Posted by avrcandies: Fri. Jan 14, 2022 - 11:21 AM
1
2
3
4
5
Total votes: 0
So now trying to figure where is the Z register being populated or what is it mapped to and how `st` figures destination (Z) is program memory and not SRAM.
You do know that the Z register is simply cute way of referring to registers r31:r30, right? Of course r31 to r00 live in common sram (or at least we are told this)...note otherwise we really have no way of knowing that it is in a common sram area, other than from documents...the opcodes, instructions, etc are there partly to make such matters invisible to us. You don't really care whether r14 is in an sram array of storage or is in some separated flip flops tucked away in the corner of the AVR, apart from r09 & r21.
So Z is not in program memory, but in sram...prog memory (flash, we are told) is accessed through LPM & SPM instructions.
It might be beneficial to get thoroughly familiar with the AVR addressing modes & instruction set. That in itself would probably answer the bulk of your uncertainties.
From googling it seems Z is specially used to access program memory.
That is not a good way to say it. Z (r31:r30), Y (R29:r28), X (r27:r26), are simply different register pairs. Z can be used for anything that X & Y can. To access program memory you use LPM & SPM commands. Each of these commands must include Z as a parameter source (X & Y not allowed). Not allowing X & Y, is a rare nonorthogonal AVR design tradeoff.
By studying the instruction set, you should (or will) know that rather quickly.
The following needs to be looking very familiar, or you will continue to scratch your head in an infinite loop:
When in the dark remember-the future looks brighter than ever. I look forward to being able to predict the future!
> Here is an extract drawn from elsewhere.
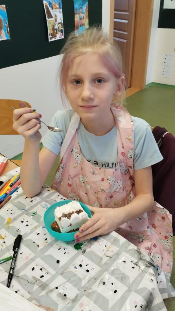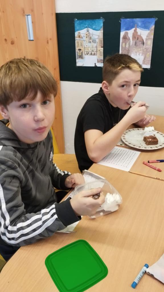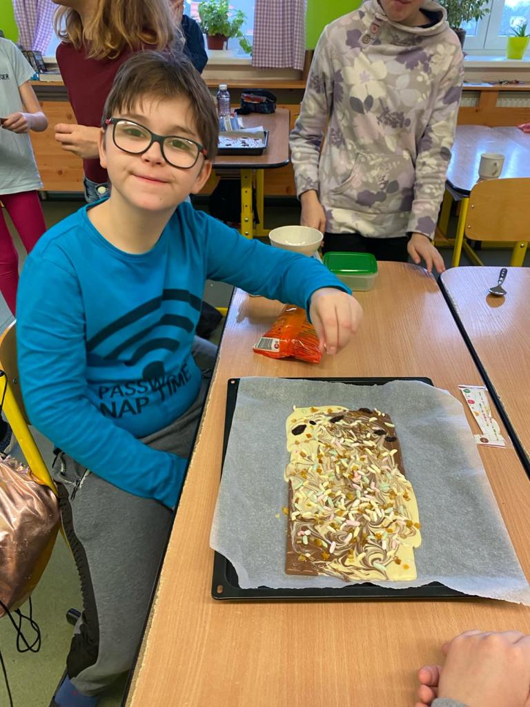 Dne 9. 2. 2024 žáci 4.a 5. třídy v projektovém dni s názvem Trochu moc čokolády je vždy tak akorát prožili den provoněný vůní čokolády. V úvodu se ve SMART prezentaci seznámili s výrobou čokolády, poznali místa, odkud k nám tato pochoutka přichází. V praktické části si smíchali těsto na jablko-čokoládovou buchtu a kreativně si ozdobili rozpuštěnou čokoládu. Než se sladké tvořeníčko upeklo, zasportovali si v tělocvičně. V praktické části dne popustili uzdu své fantazii a nakreslili svou „Továrnu na čokoládu“. V závěru dne se všichni těšili na ochutnávku buchty se zmrzlinovým pohárem. Mňam, to byla dobrůtka! 😊

You don't really care whether r14 is in an sram array of storage or is in some separated flip flops tucked away in the corner of the AVR
+1
But it is useful (important?) to understand that SFRs really are different...
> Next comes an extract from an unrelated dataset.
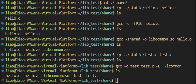 这条命令将 hello.o 目标文件链接成共享库 libcommon.so。
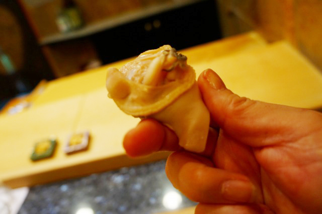 大将の使っている刀のような包丁ですが、よく鮪を解体する時に、刀より長いような包丁をテレビなんかで見かけますよね? 大将の包丁は、20年くらい使ったその鮪包丁を仕立て直したもので、鮪屋さんからプレゼントされたものなんだそうです。

(but I may have mentioned that before...?)
ADDENDUM
OP started with references to x86 for comparison.
A big difference between x86 and AVR (and other microcontrollers) is that the x86 has no internal RAM - so its CPU registers really are different from the rest of its SRAM
From googling it seems Z is specially used to access program memory.
Just to point out that Z can be used for more than one thing! Sure, if you are doing SPM stuff then (as well as SPMCR) the Z pair (ZH:ZL = R31:R30) are involved in that but in "normal running" Z (and Y and X) are used often and specially if you start doing anything that involves "offsets from a base address" - like array elements or struct{} members or, indeed, anything that is "indexed" (X, Y, Z are, indeed "index registers"). While this may not be what the compiler actually chooses to do one might envisage code such as:
but STS is a large and slow opcode so it would be more efficient to use:
ldi r30, 0xC7
ldi r31, 0x01
ldi r24, 17
st Z+3, R24
ldi r24, 26
st Z+5, r24
ldi r24, 34
st Z+8, r24
Sure there is a bit more "overhead" in this at the start as you have to load the 0x1C7 base into Z but then the ST ops are more efficient than STS. The code you saw for writing 0x05 to the "main" address (but in RAM not flash) was using this "indirect/indexed through Z technique"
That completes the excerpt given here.